AIM OF THE EXERCISE - Below is a listing from which only part is wanted; return exactly the lines from the one with "어린이 앞치마 인쇄 미술관" up to and including the one with "Disney Fast Fashion".

RECORDS FOR THE TASK -
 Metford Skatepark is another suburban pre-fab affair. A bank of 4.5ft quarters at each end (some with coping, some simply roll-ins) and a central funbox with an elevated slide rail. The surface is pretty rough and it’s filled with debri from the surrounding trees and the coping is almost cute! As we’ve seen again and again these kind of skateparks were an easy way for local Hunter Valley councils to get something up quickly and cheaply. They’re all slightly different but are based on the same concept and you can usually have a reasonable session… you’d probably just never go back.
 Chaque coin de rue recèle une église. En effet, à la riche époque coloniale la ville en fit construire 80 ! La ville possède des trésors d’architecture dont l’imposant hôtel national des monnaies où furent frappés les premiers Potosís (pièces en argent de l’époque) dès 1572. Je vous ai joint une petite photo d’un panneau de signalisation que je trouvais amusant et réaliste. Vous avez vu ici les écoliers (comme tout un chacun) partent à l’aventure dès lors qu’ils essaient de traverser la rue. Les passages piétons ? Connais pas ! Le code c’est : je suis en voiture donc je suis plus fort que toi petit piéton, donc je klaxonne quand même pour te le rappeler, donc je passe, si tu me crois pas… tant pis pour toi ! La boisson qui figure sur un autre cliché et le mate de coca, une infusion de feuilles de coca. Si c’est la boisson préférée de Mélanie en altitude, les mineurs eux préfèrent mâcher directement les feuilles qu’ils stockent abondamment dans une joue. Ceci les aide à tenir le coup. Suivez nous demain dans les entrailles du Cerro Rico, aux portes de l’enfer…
---
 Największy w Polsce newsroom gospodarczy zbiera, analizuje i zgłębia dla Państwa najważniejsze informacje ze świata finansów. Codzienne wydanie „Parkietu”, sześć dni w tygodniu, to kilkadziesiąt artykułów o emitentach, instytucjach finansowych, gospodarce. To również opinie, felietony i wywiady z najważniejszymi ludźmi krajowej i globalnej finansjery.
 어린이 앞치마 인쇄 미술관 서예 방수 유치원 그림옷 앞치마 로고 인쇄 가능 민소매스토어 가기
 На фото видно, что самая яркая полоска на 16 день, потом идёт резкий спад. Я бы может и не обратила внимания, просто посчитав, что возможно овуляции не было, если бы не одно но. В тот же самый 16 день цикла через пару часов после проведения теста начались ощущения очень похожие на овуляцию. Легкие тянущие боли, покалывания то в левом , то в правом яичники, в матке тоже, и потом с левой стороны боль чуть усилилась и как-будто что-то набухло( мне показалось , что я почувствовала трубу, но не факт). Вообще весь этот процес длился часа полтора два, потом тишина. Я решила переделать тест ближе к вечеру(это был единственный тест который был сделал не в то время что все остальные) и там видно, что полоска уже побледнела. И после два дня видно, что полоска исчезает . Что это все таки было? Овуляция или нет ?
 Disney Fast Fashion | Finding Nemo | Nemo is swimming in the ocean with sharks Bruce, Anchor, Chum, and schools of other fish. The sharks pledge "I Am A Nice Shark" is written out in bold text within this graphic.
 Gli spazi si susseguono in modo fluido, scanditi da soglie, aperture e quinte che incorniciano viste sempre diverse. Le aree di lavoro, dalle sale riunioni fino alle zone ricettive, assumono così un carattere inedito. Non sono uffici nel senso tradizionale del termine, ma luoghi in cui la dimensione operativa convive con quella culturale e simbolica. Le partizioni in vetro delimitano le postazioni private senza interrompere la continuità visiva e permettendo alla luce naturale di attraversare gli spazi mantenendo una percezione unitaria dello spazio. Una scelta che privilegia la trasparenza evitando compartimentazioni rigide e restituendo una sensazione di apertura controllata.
---
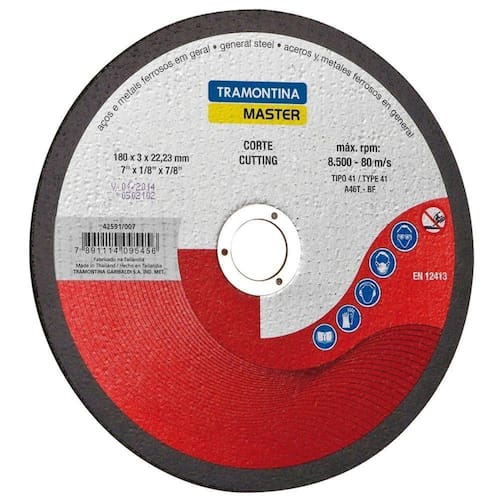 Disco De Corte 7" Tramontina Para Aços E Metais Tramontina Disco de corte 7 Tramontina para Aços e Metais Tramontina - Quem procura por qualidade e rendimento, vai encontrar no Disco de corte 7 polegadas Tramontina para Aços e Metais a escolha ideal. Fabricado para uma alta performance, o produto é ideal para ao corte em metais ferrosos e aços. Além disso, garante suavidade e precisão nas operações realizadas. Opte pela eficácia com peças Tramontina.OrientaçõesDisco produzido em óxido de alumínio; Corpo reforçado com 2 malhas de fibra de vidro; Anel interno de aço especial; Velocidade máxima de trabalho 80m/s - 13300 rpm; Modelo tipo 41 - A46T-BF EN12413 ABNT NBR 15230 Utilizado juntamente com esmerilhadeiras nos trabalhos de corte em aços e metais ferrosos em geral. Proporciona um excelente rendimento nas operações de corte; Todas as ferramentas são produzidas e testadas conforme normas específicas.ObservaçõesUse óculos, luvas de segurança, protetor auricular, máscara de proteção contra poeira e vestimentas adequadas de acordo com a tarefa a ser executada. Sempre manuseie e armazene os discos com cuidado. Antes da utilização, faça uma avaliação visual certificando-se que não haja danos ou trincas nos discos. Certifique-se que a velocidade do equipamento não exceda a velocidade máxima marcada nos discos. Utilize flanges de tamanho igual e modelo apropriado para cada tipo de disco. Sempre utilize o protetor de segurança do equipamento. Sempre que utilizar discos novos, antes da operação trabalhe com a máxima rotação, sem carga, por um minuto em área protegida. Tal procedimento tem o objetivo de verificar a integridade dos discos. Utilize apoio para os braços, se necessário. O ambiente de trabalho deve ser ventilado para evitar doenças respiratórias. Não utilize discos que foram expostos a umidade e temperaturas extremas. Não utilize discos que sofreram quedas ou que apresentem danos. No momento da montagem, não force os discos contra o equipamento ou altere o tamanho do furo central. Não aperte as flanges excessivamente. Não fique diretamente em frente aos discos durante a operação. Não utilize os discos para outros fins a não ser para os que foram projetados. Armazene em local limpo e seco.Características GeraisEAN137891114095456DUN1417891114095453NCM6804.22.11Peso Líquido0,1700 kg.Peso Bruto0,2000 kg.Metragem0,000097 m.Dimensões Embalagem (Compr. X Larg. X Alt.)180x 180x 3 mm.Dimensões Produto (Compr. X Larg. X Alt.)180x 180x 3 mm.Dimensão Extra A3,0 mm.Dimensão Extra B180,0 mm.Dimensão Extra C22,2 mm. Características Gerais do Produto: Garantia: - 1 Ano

EXPECTED OUTPUT -
 어린이 앞치마 인쇄 미술관 서예 방수 유치원 그림옷 앞치마 로고 인쇄 가능 민소매스토어 가기
 На фото видно, что самая яркая полоска на 16 день, потом идёт резкий спад. Я бы может и не обратила внимания, просто посчитав, что возможно овуляции не было, если бы не одно но. В тот же самый 16 день цикла через пару часов после проведения теста начались ощущения очень похожие на овуляцию. Легкие тянущие боли, покалывания то в левом , то в правом яичники, в матке тоже, и потом с левой стороны боль чуть усилилась и как-будто что-то набухло( мне показалось , что я почувствовала трубу, но не факт). Вообще весь этот процес длился часа полтора два, потом тишина. Я решила переделать тест ближе к вечеру(это был единственный тест который был сделал не в то время что все остальные) и там видно, что полоска уже побледнела. И после два дня видно, что полоска исчезает . Что это все таки было? Овуляция или нет ?
 Disney Fast Fashion | Finding Nemo | Nemo is swimming in the ocean with sharks Bruce, Anchor, Chum, and schools of other fish. The sharks pledge "I Am A Nice Shark" is written out in bold text within this graphic.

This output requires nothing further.